Do you know, historically, when the vow entered the Budhist tradition? I assume it is just part of Soto given the vehicle size.

bob

Great question!

Genju

When I practice with "strong back, soft front," I find myself with "crumbling back, collapsed front." We are indeed responsible for all beings. And we are mostly responsible for this "very being, Buddha."

Thank you for being Buddha!

Barry Briggs

Hi Lauren,
The Four Great Vows are common, with slight variations, throughout Mahayana Buddhism. The are components of the Bodhisattva Vows.

I've never seen anything definitive about their origins but versions of the vows (especially the first vow) appear in the Avatamsaka Sutra, which was composed around 1-3 century CE. For example:

"I too, for the sake of all beings,/Generate the mind of enlightenment/And accomplish all the stages/Of the Bodhisattva training."

(This sutra, among other things, emphasizes the interdependency of all phenomena.)

Similarly, the Brahma Net Sutra contains many lines similar to the Great Vows, such as:

"I further vow that all sentient beings will achieve Buddhahood."

The Brahma Net Sutra: http://www.ymba.org/bns/bnstext.htm

As far as the I/we pronoun. To my knowledge, this only appears in the Korean Zen tradition, not in the Japanese Zen traditions. I could speculate about this, but I think you can see the differences in implication.

In the Kwan Um School tradition, we say that daily recitation of the Four Great Vows helps us become clear about the "direction" of our practice and life. If our direction is clear then, even when we wander into the weeds, we'll find our way.

Thank goodness, 'cause I'm in the weeds more often than not.

Barry Briggs

Thank you, Genju, for reminding me of the value of a soft heart.

Uku

Bows!

Chong Go Sunim

Hi Barry,
In the Korean and Chinese versions, there's no personal pronoun of I or we. Statements like this depend upon the context, and in this case, the most natural choice would be "I."

However, I can easily imagine Seung Sahn Sunim putting a spin on it with a "we," and no one here would complain at all. They would see that as a teaching in itself, one that compliment and enrich the usual emphasis on individual effort.

Barry Briggs

Back to you, Uku!

Thanks for the clarification, Sunim. I was pretty certain that the Chinese characters for the vows did not include a pronoun.
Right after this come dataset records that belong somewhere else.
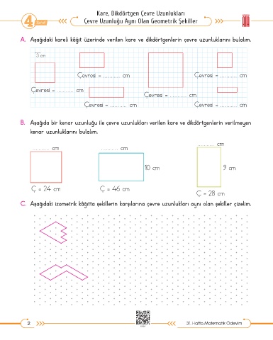 B. Aşağıda bir kenar uzunluğu ile çevre uzunlukları verilen kare ve dikdörtgenlerin verilmeyen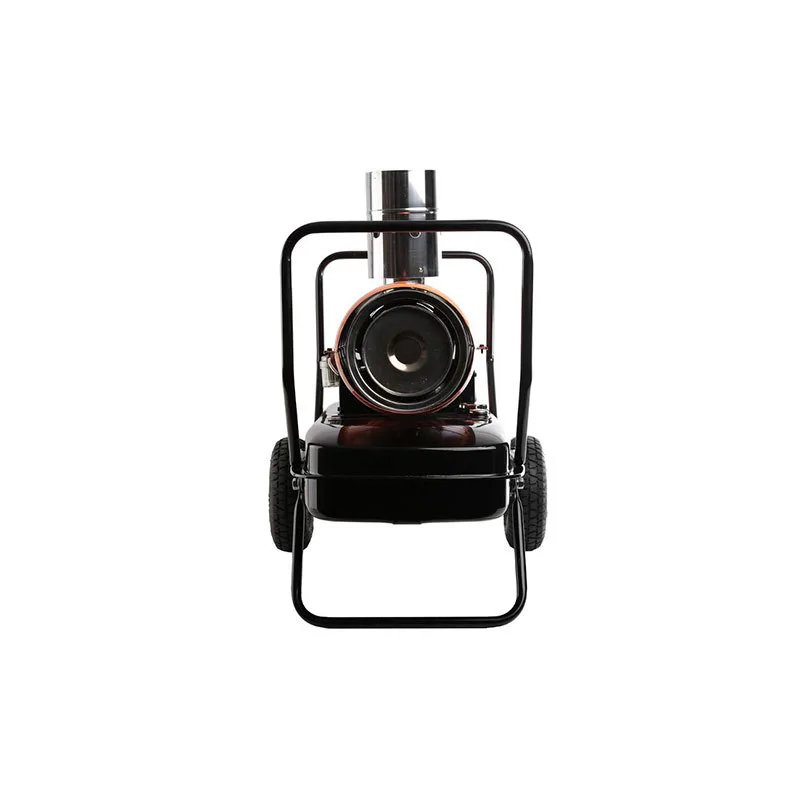 Дизельная тепловая пушка с отводом Aurora TK-80 ID с тепловой мощностью 25 кВт предназначена для нагрева воздуха и просушки предметов в проветриваемых помещениях. Наличие дымохода для отведения продуктов горения позволяет использовать теплогенератор при постоянном присутствии людей. Камера сгорания работает на дизельном топливе или керосине. Для функционирования мощного вентилятора, термостата и электронных датчиков устройство подключается к сети с напряжением 220 В.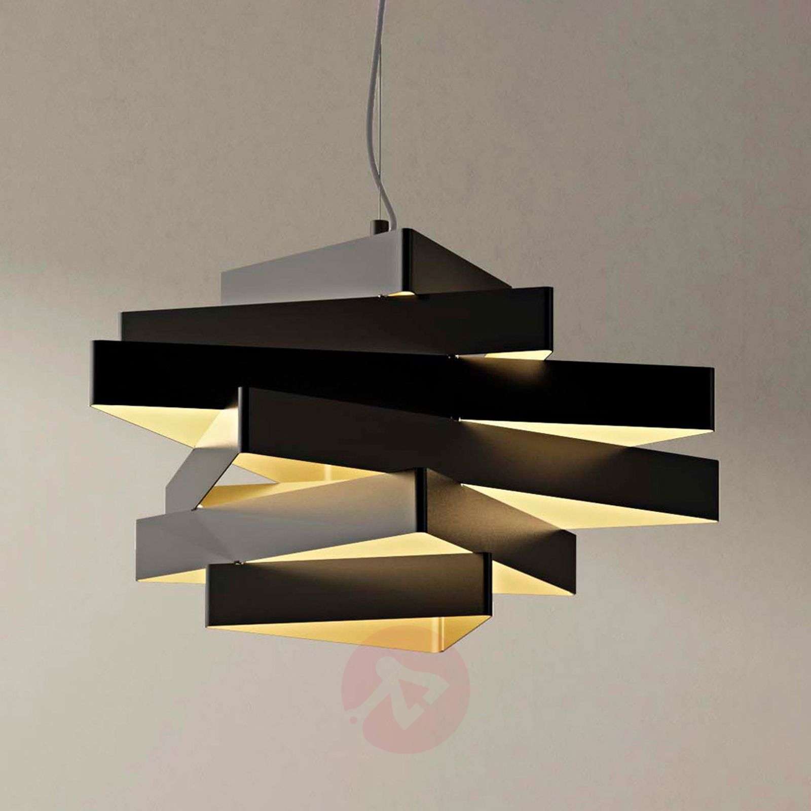 Metalowa lampa wisząca Miles w eleganckich odcieniach czerni i złota Lampa wisząca Miles to przepiękna mieszanka jasnych i ciemnych odcieni kolorystycznych. Dekoracyjne, trójkątne elementy podkreślają dodatkowo nowoczesny styl, który widać również w innych aspektach. Trójkąty są pokryte ciemnym, czarnym lakierem, którego uzupełnienie stanowi złota kolorystyka wnętrza. Charakterystyczną cechą wyglądu lampy jest rozmieszczenie poszczególnych elementów. Nie są one ułożone równo jeden pod drugim, tylko każdy odwrócony w inną stronę. Przy odrobinie fantazji można dojrzeć kształt rombu. W dużej konstrukcji klosza ukryte są oprawy E27. Lampa wisząca Miles zdecydowanie zwraca uwagę interesującą formą i doskonale pasuje do nowoczesnych mieszkań z czarnymi i/lub złotymi akcentami. Klasa efektywności energetycznej: A++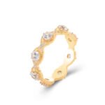 This is a strikingly different look, a popular style right now, with moissanite set into the top of the frame, emitting a shimmering lustre and shooting a different light.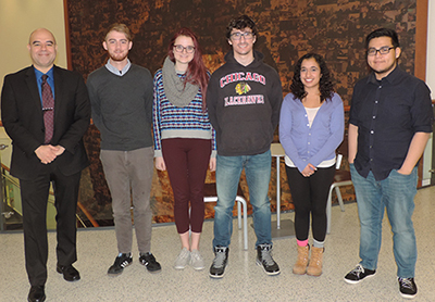 Winter, 2015. Front row, from Left: Daniel Reyes, Katie Carlson, Marissa Locke, Alex Jagla, and Windsor Aguirre.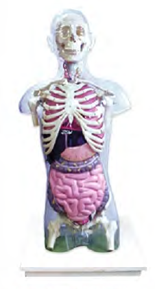 ■ 部件(jiàn):由男性半身骨架及內髒(zāng)器官附透明亞克力軀殼(ké)串製而成一(yī)個(gè)整體,固定在底板上;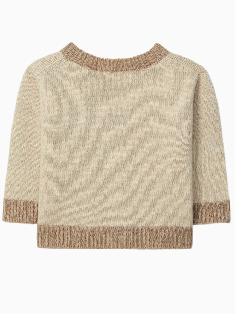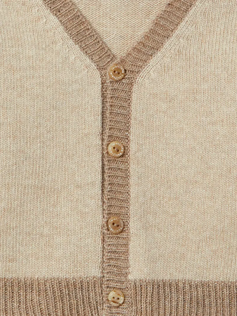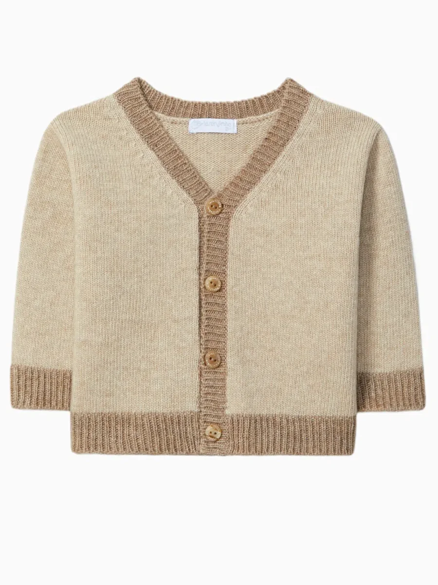 Notre cardigan bébé bicolore en maille beige incarne la douceur et l’élégance qui accompagnent les premiers mois de votre enfant. Conçu dans une maille fine avec une touche de cachemire, il offre chaleur, confort et style sans compromis, tout en s’inscrivant dans un vestiaire intemporel que vous aimerez transmettre.

This brings to mind two Korean phrases that I've heard (in translation), sometimes said in greeting or parting:

- May you become Buddha!
- May we together become Buddha!

I can't quite remember how they go - something like: Song Bul Hashipsheo and something quite similar. Do you know these phrases?

Chong Go Sunim

^-^ Oh, yeah, I know those phrases!

Song Bul Ha-ship-shi-o is literally translated as "May you become a Buddha", but from the context, I feel "May we all become Buddhas" or "Let's all become Buddhas together" to be more accurate to the feeling of the situation.

Joseph

My favorite part of yebul is the very end when we all bow and wish "Seong bul hashipshiyo" to the people to each side. The last time I I went to yebul, I was on the end, so only one man beside me. He turned to his right and greeted that person than started to turn my way, saw that I was a foreigner, and didn't bother...
I started feeling a little ripped off, but a few people further down must have seen the disappointment in my face and sent a few smiles my way.

I agree, the atmosphere of everyone saying it together does feel more like "May we together become Buddha!"

May we together become Buddha!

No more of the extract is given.